Each entry below should be returned exactly as is, with the pictures removed.

[PROVIDED INFORMATION Boundary: Start]

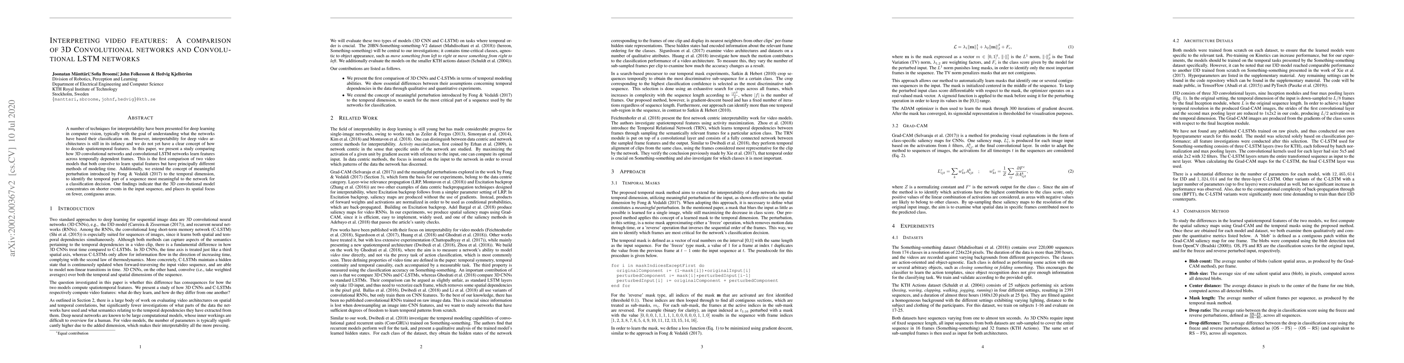 This paper compares 3D convolutional networks and convolutional LSTM networks for interpreting spatiotemporal features in video data, revealing that the 3D model focuses on shorter events and contiguous spatial areas, while the LSTM model captures longer temporal dependencies.
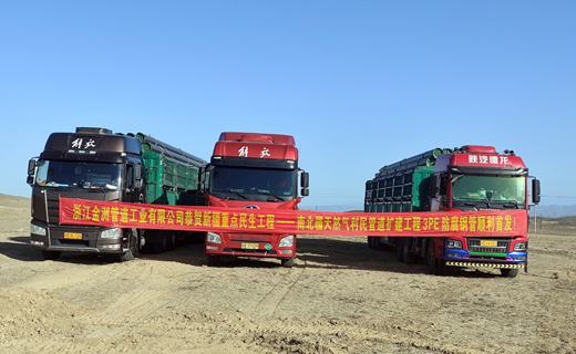 9月28日上午,四辆装载着"茄子视频色版在线观看"牌3PE防腐茄子视频APP下载大货车到达新疆阿勒泰地区项目现场
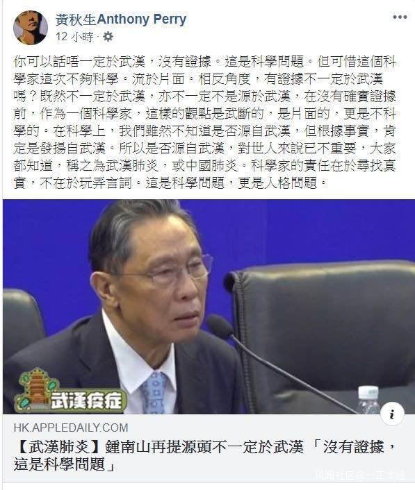 才讀一文寫港星黃秋生申言反對鍾老之此際毋應斷言疫情武漢源頭論。
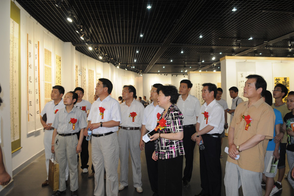 开幕式由市文联主席程书援主持,开幕式上宣传部部长赵焕之首先代表市委、市政府对这次在我市具有里程碑意义的文化盛会的开幕表示衷心的祝贺,对市文联和市聂政书法工作室为庆祝中国共产党成立90周年而举办的这次活动予以充分肯定。她说,天中历史源远流长,天中文化伟岸厚重。辉煌灿烂的天中文化是黄河文化、中原文化的重要组成部分,这里也因此而成为华夏文明的重要发祥地之一。早在周成王时驻马店就有天下之中之称,据《周礼·地官司徒》载:“周公营洛,以土圭之法测土深,正日景,以求地中。汝尤为豫州之中,故聚土垒石以标天中。”唐代大政治家、书法家颜真卿在此留下“天中山”手书真迹。自汉高祖四年置汝南郡以来,这里历代都是郡、州、府的治所,是豫南一带政治、经济、文化中心。这片土地曾经哺育出秦丞相鲁斯、著名发家代表人物韩飞、《盐铁论》的编著者桓宽、伟大的无神论者范缜等一大批历史文化名人。近代,这里走出了抗日民族英雄杨靖宇,在中国革命史上享有“小延安”之誉的确山县竹沟镇曾是中共中央中原局所在地,留下了刘少奇、李先念、彭雪枫等老一辈无产阶级革命家的战斗足迹。
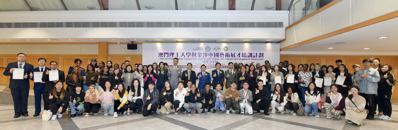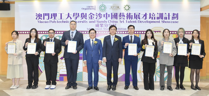 【本報消息】為配合澳門青年政策、助力澳門「1+4」經濟適度多元發展,澳門理工大學、金沙中國及澳門理工大學校友會聯合舉辦的「藝術展才培訓計劃」在理大舉行成果分享展,展示學生創作成果,反應熱烈。理大校長嚴肇基、金沙中國行政副主席王英偉、理大校友會理事長黃宇棋等出席活動並向參與計劃的學生頒發證書。
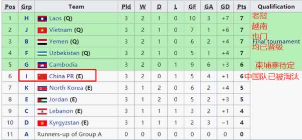 至于中国国青,100%确定出局。成耀东的国青队,6分1个净胜球,排名老挝、越南、也门、乌兹别克斯坦、柬埔寨之后,无缘“成绩最好的4个小组第2”。原本,中国国青还有极其微弱的希望:11月11日凌晨0点10分开打的卡塔尔国青VS也门国青,一旦卡塔尔以4-0或以上的比分击败也门,如此一来,也门6分0净胜球,排在中国国青之后,中国国青还能有理论上的晋级希望。
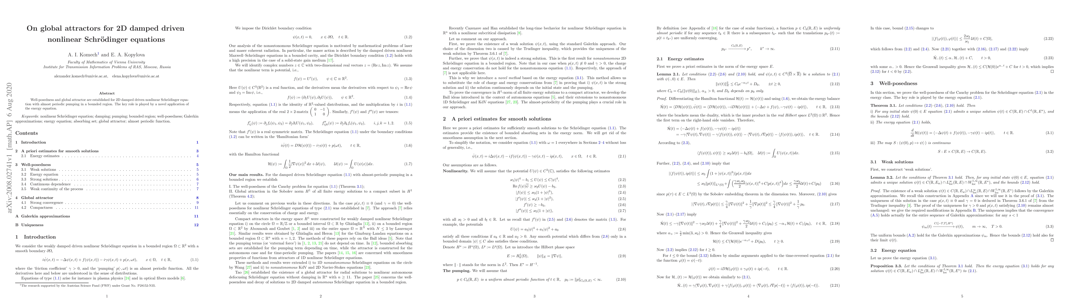 Summary: This paper establishes well-posedness and identifies a global attractor for 2D damped driven nonlinear Schrödinger equations with almost periodic pumping, utilizing a novel application of the energy equation to achieve the results.
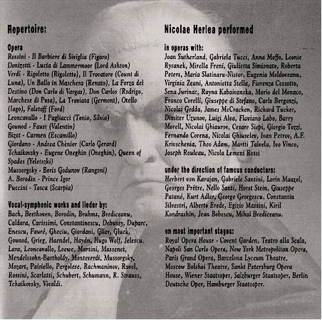 Romanian baritone, b. 1927 Biographical notes: He was born Nicolae Herle in Bucharest and studied at the Bucharest Conservatory with Aurelius
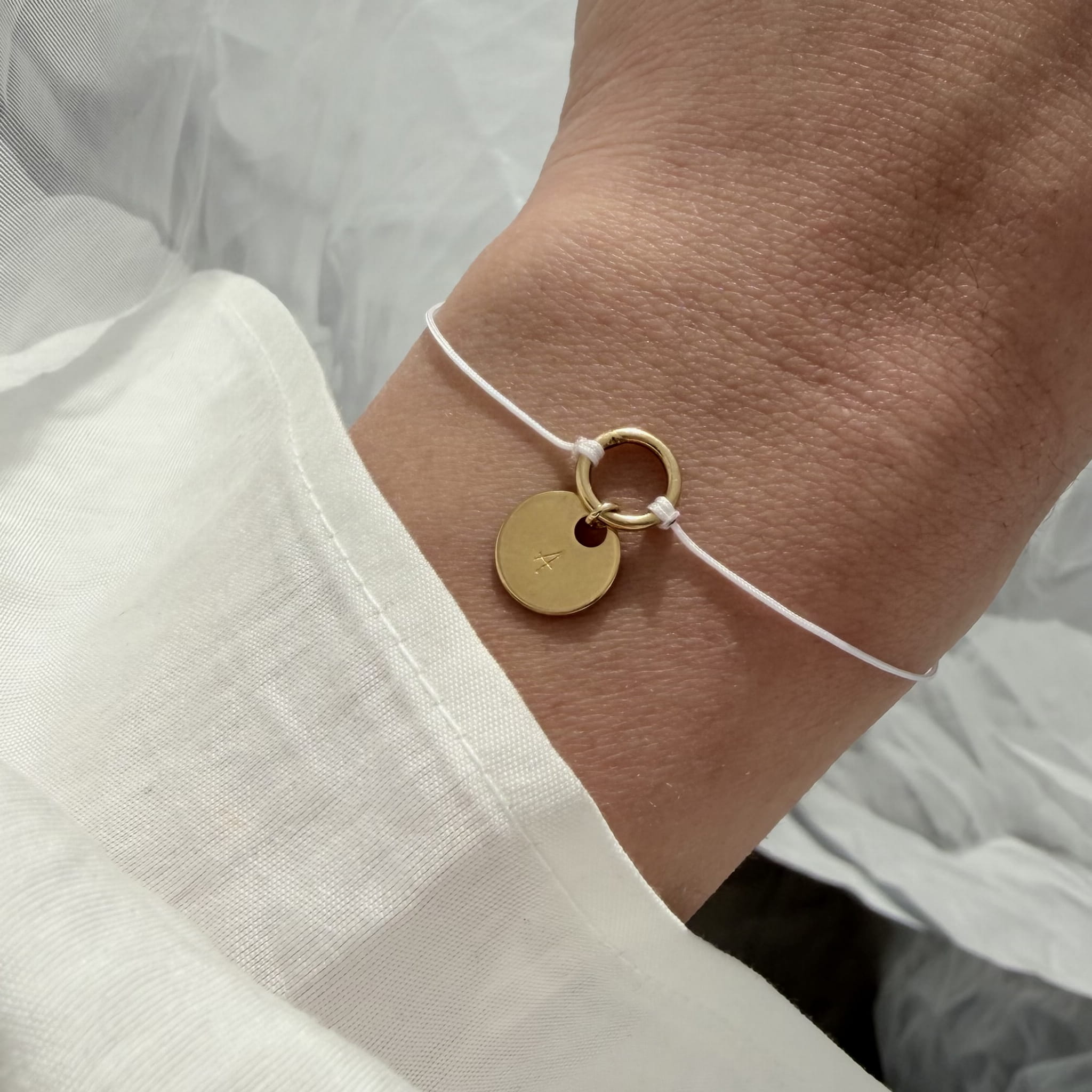 Bransoletka personalizowana z literką to lekka i elegancka forma biżuterii, która sprawdzi się jako codzienny dodatek lub drobny, przemyślany prezent. Wykonana na jubilerskim sznurku, posiada blaszkę o średnicy 8 mm, wykonaną z wysokiej jakości srebra próby 925 – dostępną również w wersji pozłacanej 24-karatowym złotem.
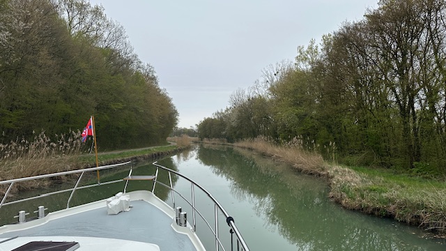 Am Samstagmorgen fuhren wir zeitig los. Wir wussten, dass der Schweizerische Schleusenschiffer-Club dieses Wochenende einen Schleusenkurs veranstaltet und wir wollten vor ihnen auf dem Rhein-Rhone-Kanal fahren. Wir hatten einen Mittags-Halt in Abergement-la-Ronce geplant, doch die Zofie hatte sich so ungeschickt platziert, dass kein anderes Boot mehr Platz hat. In Choisey hatten wir mehr Glück und blieben gleich hier.
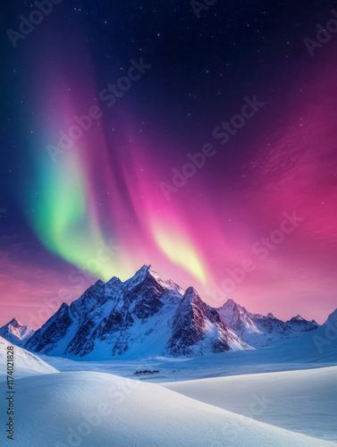 Aurora Borealis Over Snowy Mountains
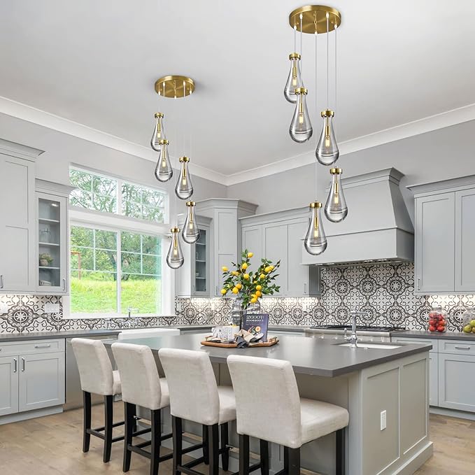 Raindrop Pendant Lights Kitchen Island Teardrop Gold Hanging Light Fixtures Clear Solid Glass Pendant Light Modern Chandeliers for Dining Room Porch Corridor Living Room(5-Light)
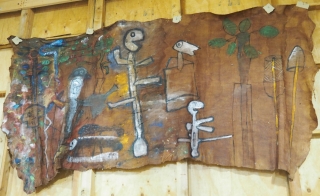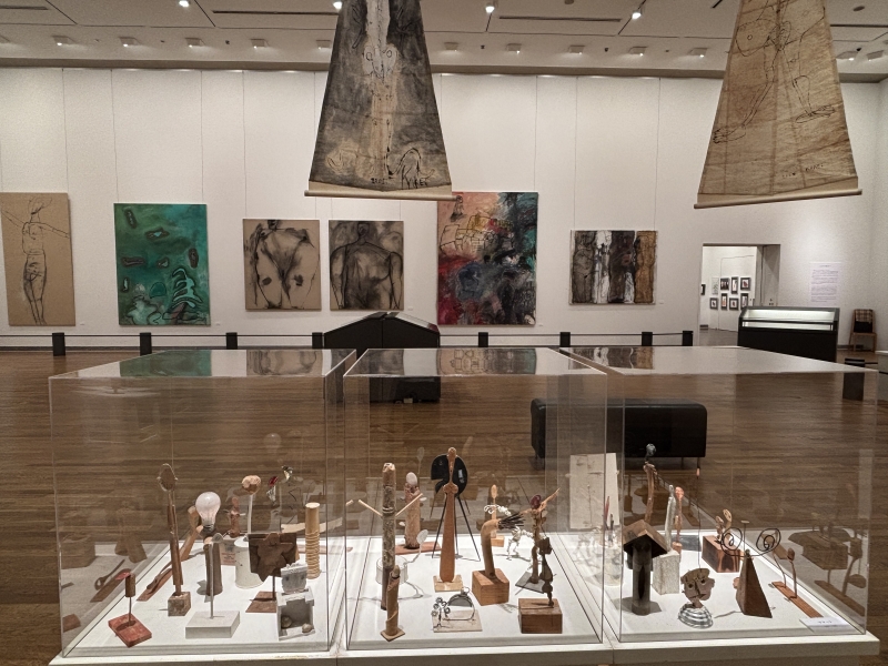 300号サイズの大きな絵画や書、木や紙を使った小さな作品の他、スケッチなどの貴重な資料も。

[PROVIDED INFORMATION Boundary: End]

## ANSWER TO THIS TASK
 This paper compares 3D convolutional networks and convolutional LSTM networks for interpreting spatiotemporal features in video data, revealing that the 3D model focuses on shorter events and contiguous spatial areas, while the LSTM model captures longer temporal dependencies.
 9月28日上午,四辆装载着"茄子视频色版在线观看"牌3PE防腐茄子视频APP下载大货车到达新疆阿勒泰地区项目现场
 才讀一文寫港星黃秋生申言反對鍾老之此際毋應斷言疫情武漢源頭論。
 开幕式由市文联主席程书援主持,开幕式上宣传部部长赵焕之首先代表市委、市政府对这次在我市具有里程碑意义的文化盛会的开幕表示衷心的祝贺,对市文联和市聂政书法工作室为庆祝中国共产党成立90周年而举办的这次活动予以充分肯定。她说,天中历史源远流长,天中文化伟岸厚重。辉煌灿烂的天中文化是黄河文化、中原文化的重要组成部分,这里也因此而成为华夏文明的重要发祥地之一。早在周成王时驻马店就有天下之中之称,据《周礼·地官司徒》载:“周公营洛,以土圭之法测土深,正日景,以求地中。汝尤为豫州之中,故聚土垒石以标天中。”唐代大政治家、书法家颜真卿在此留下“天中山”手书真迹。自汉高祖四年置汝南郡以来,这里历代都是郡、州、府的治所,是豫南一带政治、经济、文化中心。这片土地曾经哺育出秦丞相鲁斯、著名发家代表人物韩飞、《盐铁论》的编著者桓宽、伟大的无神论者范缜等一大批历史文化名人。近代,这里走出了抗日民族英雄杨靖宇,在中国革命史上享有“小延安”之誉的确山县竹沟镇曾是中共中央中原局所在地,留下了刘少奇、李先念、彭雪枫等老一辈无产阶级革命家的战斗足迹。
 【本報消息】為配合澳門青年政策、助力澳門「1+4」經濟適度多元發展,澳門理工大學、金沙中國及澳門理工大學校友會聯合舉辦的「藝術展才培訓計劃」在理大舉行成果分享展,展示學生創作成果,反應熱烈。理大校長嚴肇基、金沙中國行政副主席王英偉、理大校友會理事長黃宇棋等出席活動並向參與計劃的學生頒發證書。
 至于中国国青,100%确定出局。成耀东的国青队,6分1个净胜球,排名老挝、越南、也门、乌兹别克斯坦、柬埔寨之后,无缘“成绩最好的4个小组第2”。原本,中国国青还有极其微弱的希望:11月11日凌晨0点10分开打的卡塔尔国青VS也门国青,一旦卡塔尔以4-0或以上的比分击败也门,如此一来,也门6分0净胜球,排在中国国青之后,中国国青还能有理论上的晋级希望。
 Summary: This paper establishes well-posedness and identifies a global attractor for 2D damped driven nonlinear Schrödinger equations with almost periodic pumping, utilizing a novel application of the energy equation to achieve the results.
 Romanian baritone, b. 1927 Biographical notes: He was born Nicolae Herle in Bucharest and studied at the Bucharest Conservatory with Aurelius
 Bransoletka personalizowana z literką to lekka i elegancka forma biżuterii, która sprawdzi się jako codzienny dodatek lub drobny, przemyślany prezent. Wykonana na jubilerskim sznurku, posiada blaszkę o średnicy 8 mm, wykonaną z wysokiej jakości srebra próby 925 – dostępną również w wersji pozłacanej 24-karatowym złotem.
 Am Samstagmorgen fuhren wir zeitig los. Wir wussten, dass der Schweizerische Schleusenschiffer-Club dieses Wochenende einen Schleusenkurs veranstaltet und wir wollten vor ihnen auf dem Rhein-Rhone-Kanal fahren. Wir hatten einen Mittags-Halt in Abergement-la-Ronce geplant, doch die Zofie hatte sich so ungeschickt platziert, dass kein anderes Boot mehr Platz hat. In Choisey hatten wir mehr Glück und blieben gleich hier.
 Aurora Borealis Over Snowy Mountains
 Raindrop Pendant Lights Kitchen Island Teardrop Gold Hanging Light Fixtures Clear Solid Glass Pendant Light Modern Chandeliers for Dining Room Porch Corridor Living Room(5-Light)
 300号サイズの大きな絵画や書、木や紙を使った小さな作品の他、スケッチなどの貴重な資料も。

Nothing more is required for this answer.